# Data block
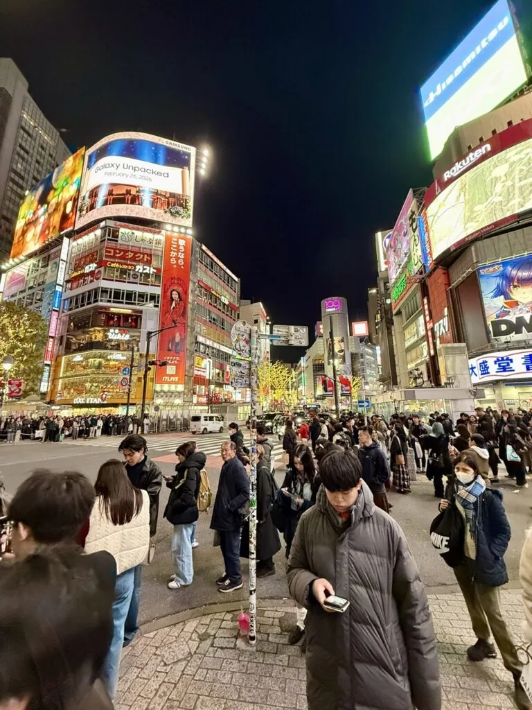 We stepped out into Shibuya Crossing at dusk, which was perfect timing. You see it in daylight, and then within minutes the lights start to take over. Screens glow. Neon reflects off everything. The whole place shifts gears as the sun goes down.
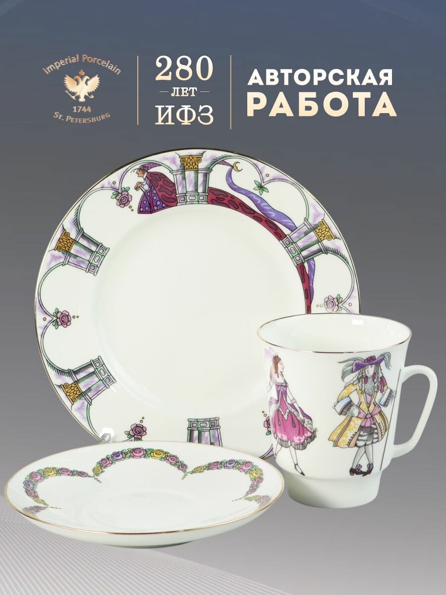 Кофейный набор 165 мл. Форма "Майская", рисунок "Балет. Жизель". Костяной фарфор. 3 предмета. Кофейная пара с десертной тарелкой. Императорский фарфоровый завод ИФЗ ЛФЗ
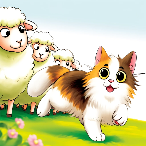루이의 첫 만남은 소심한 양 '모모'였습니다. 모모는 처음 보는 고양이 루이가 조금 무섭지만, 곧 친구가 됩니다. 모모는 루이에게 양들이 얼마나 훌륭한 도약을 할 수 있는지 보여주며, 루이도 모모를 따라 높은 풀밭 위로 도약해 보지만, 곧 쿵 하고 떨어집니다. 이 장면을 본 두 동물은 함께 웃으며 첫 번째 교훈을 배웁니다: 실패를 두려워하지 않고 다시 시도하는 용기.

# Aim of the exercise
All of the data is to be transcribed exactly, with images omitted.

# Response to this exercise
 We stepped out into Shibuya Crossing at dusk, which was perfect timing. You see it in daylight, and then within minutes the lights start to take over. Screens glow. Neon reflects off everything. The whole place shifts gears as the sun goes down.
 Кофейный набор 165 мл. Форма "Майская", рисунок "Балет. Жизель". Костяной фарфор. 3 предмета. Кофейная пара с десертной тарелкой. Императорский фарфоровый завод ИФЗ ЛФЗ
루이의 첫 만남은 소심한 양 '모모'였습니다. 모모는 처음 보는 고양이 루이가 조금 무섭지만, 곧 친구가 됩니다. 모모는 루이에게 양들이 얼마나 훌륭한 도약을 할 수 있는지 보여주며, 루이도 모모를 따라 높은 풀밭 위로 도약해 보지만, 곧 쿵 하고 떨어집니다. 이 장면을 본 두 동물은 함께 웃으며 첫 번째 교훈을 배웁니다: 실패를 두려워하지 않고 다시 시도하는 용기.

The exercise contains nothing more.